SUPPLIED INFORMATION Block Start

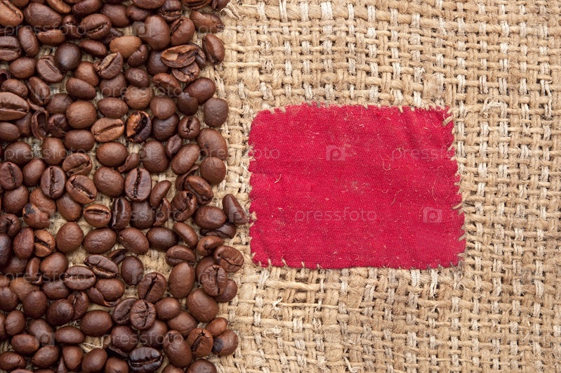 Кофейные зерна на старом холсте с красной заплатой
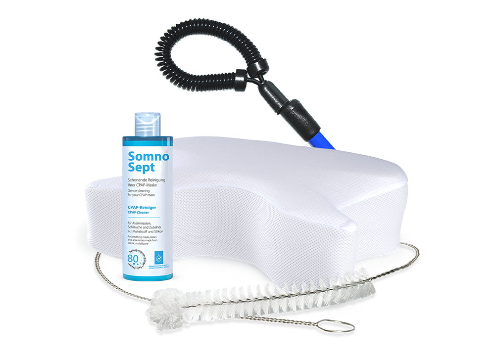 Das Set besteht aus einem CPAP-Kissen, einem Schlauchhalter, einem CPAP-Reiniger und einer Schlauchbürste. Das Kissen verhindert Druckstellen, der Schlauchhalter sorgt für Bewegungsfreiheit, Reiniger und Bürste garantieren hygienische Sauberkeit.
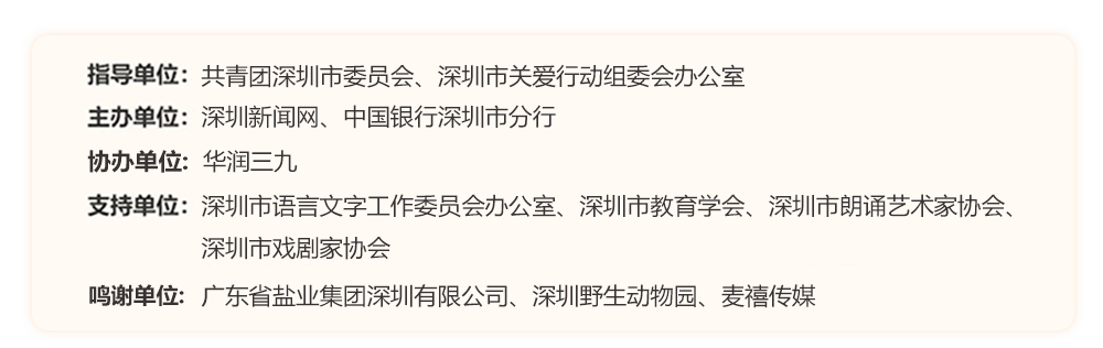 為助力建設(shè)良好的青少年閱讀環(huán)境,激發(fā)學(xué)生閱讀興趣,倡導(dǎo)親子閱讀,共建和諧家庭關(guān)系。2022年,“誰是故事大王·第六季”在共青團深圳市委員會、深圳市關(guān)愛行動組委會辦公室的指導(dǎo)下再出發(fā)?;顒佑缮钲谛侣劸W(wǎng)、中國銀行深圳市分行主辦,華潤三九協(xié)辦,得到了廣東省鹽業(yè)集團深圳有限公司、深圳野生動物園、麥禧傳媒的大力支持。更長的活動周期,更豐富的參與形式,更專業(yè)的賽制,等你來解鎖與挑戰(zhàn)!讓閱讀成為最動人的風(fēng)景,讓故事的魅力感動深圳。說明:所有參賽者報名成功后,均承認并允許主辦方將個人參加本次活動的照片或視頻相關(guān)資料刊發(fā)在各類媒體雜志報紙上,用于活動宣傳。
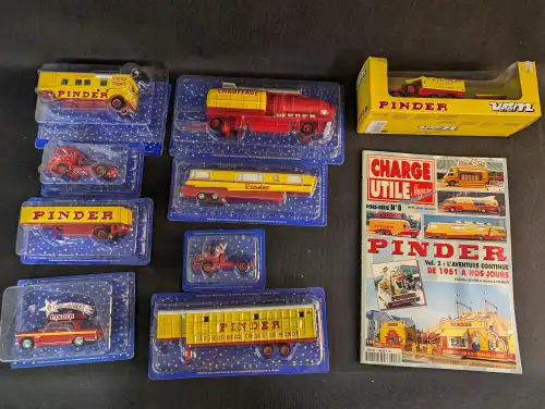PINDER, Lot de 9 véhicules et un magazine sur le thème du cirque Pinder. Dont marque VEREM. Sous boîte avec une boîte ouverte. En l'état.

SUPPLIED INFORMATION Block End

WHAT TO WORK ON: Copy only this, please: the line with "Das Set besteht" and every line after it through the end of the data, with no pictures.

SOLUTION:
 Das Set besteht aus einem CPAP-Kissen, einem Schlauchhalter, einem CPAP-Reiniger und einer Schlauchbürste. Das Kissen verhindert Druckstellen, der Schlauchhalter sorgt für Bewegungsfreiheit, Reiniger und Bürste garantieren hygienische Sauberkeit.
 為助力建設(shè)良好的青少年閱讀環(huán)境,激發(fā)學(xué)生閱讀興趣,倡導(dǎo)親子閱讀,共建和諧家庭關(guān)系。2022年,“誰是故事大王·第六季”在共青團深圳市委員會、深圳市關(guān)愛行動組委會辦公室的指導(dǎo)下再出發(fā)?;顒佑缮钲谛侣劸W(wǎng)、中國銀行深圳市分行主辦,華潤三九協(xié)辦,得到了廣東省鹽業(yè)集團深圳有限公司、深圳野生動物園、麥禧傳媒的大力支持。更長的活動周期,更豐富的參與形式,更專業(yè)的賽制,等你來解鎖與挑戰(zhàn)!讓閱讀成為最動人的風(fēng)景,讓故事的魅力感動深圳。說明:所有參賽者報名成功后,均承認并允許主辦方將個人參加本次活動的照片或視頻相關(guān)資料刊發(fā)在各類媒體雜志報紙上,用于活動宣傳。
PINDER, Lot de 9 véhicules et un magazine sur le thème du cirque Pinder. Dont marque VEREM. Sous boîte avec une boîte ouverte. En l'état.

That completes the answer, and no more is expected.